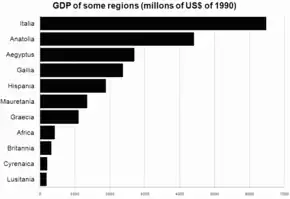 Todos os historiadores económicos frisam que qualquer estimativa só pode ser vista como uma aproximação grosseira das realidades da economia antiga, devido aos dados pertinentes que chegaram até nós serem muito escassos. O único economista citado que apresenta uma análise detalhada do rendimento nacional disponível (NDI)[nt 7] das diversas partes do Império Romano é Angus Maddison. As suas estimativas "altamente provisórias" apresentadas no quadro anexo baseiam-se numa contagem conservadora de apenas 44 milhões de habitantes na altura da morte de Augusto, em 14 d.C. O NDI da parte europeia do império era superior ao das províncias africanas e asiáticas se Itália for contabilizada, mas inferior no caso contrário.[80] As províncias helénicas (onde se falava sobretudo grego) — Grécia, Ásia Menor, Síria e Egito era aproximadamente 20% mais ricas do que a maior parte das províncias onde se falava mais latim, mas mais uma vez Itália, que não era administrada como uma província, desfrutava de um rendimento per capita mais alto do que quaisquer outras partes do império.[81]
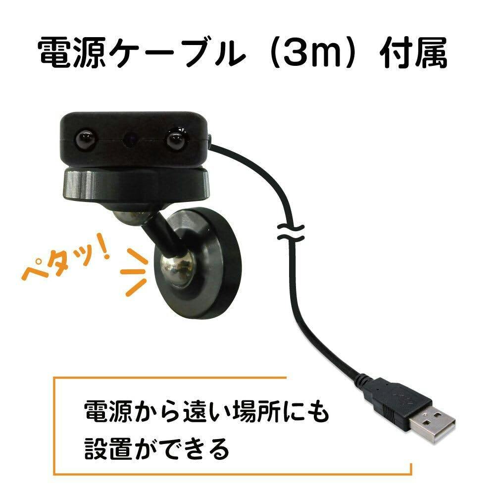 カメラとスタンドは磁石で、スタンドは両面テープで取付可能。スタンドは自由にカメラ方向を変更できます
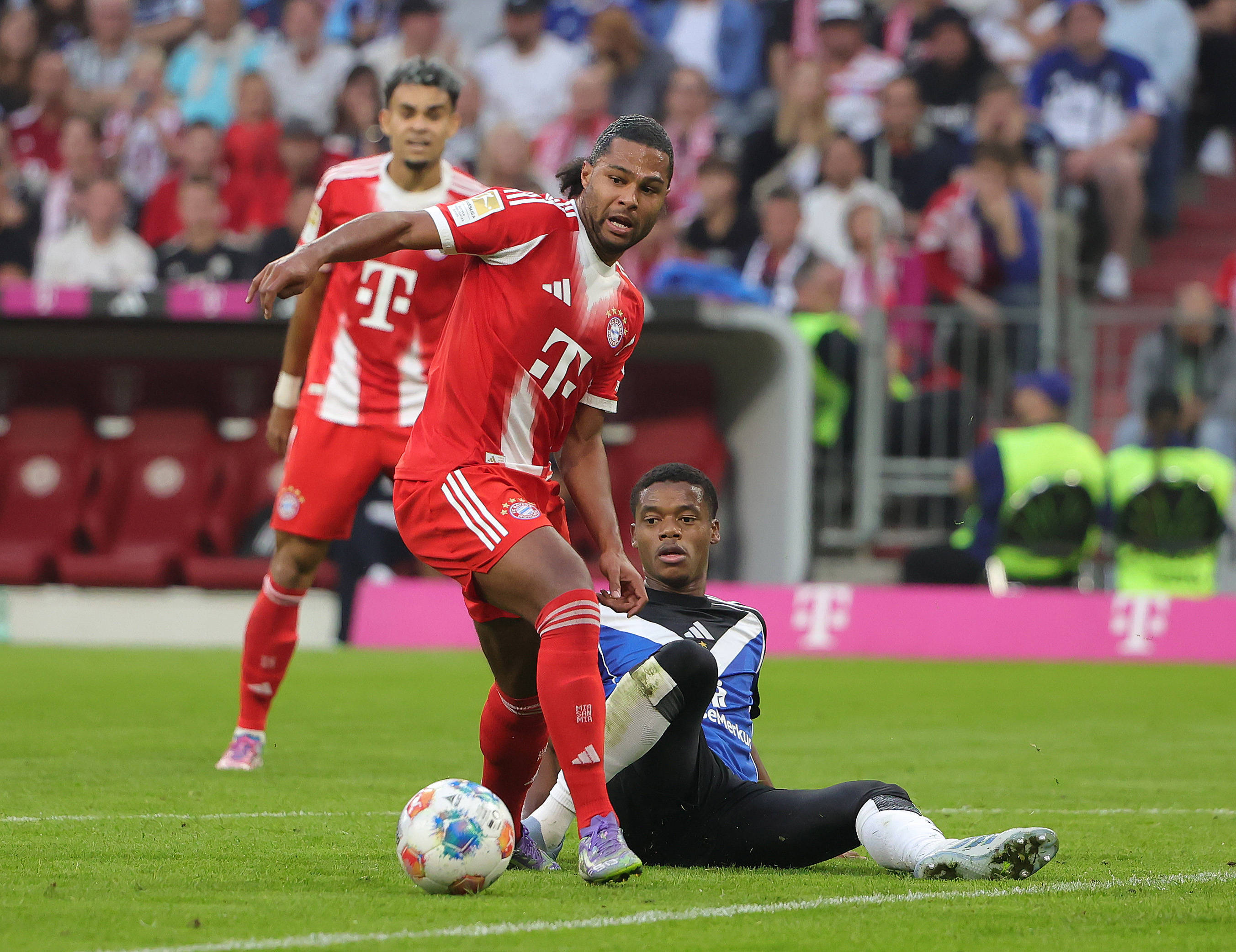 9月13日,拜仁慕尼黑队球员迪亚斯(右)与汉堡队球员奥马里在比赛中拼抢。 新华社发(菲利普·鲁伊兹摄)

---

The answer must consist solely of the lines from the line containing "カメラとスタンドは磁石で、ス" to the end of the data, reproduced exactly, with every picture left out.

Solution.
 カメラとスタンドは磁石で、スタンドは両面テープで取付可能。スタンドは自由にカメラ方向を変更できます
 9月13日,拜仁慕尼黑队球员迪亚斯(右)与汉堡队球员奥马里在比赛中拼抢。 新华社发(菲利普·鲁伊兹摄)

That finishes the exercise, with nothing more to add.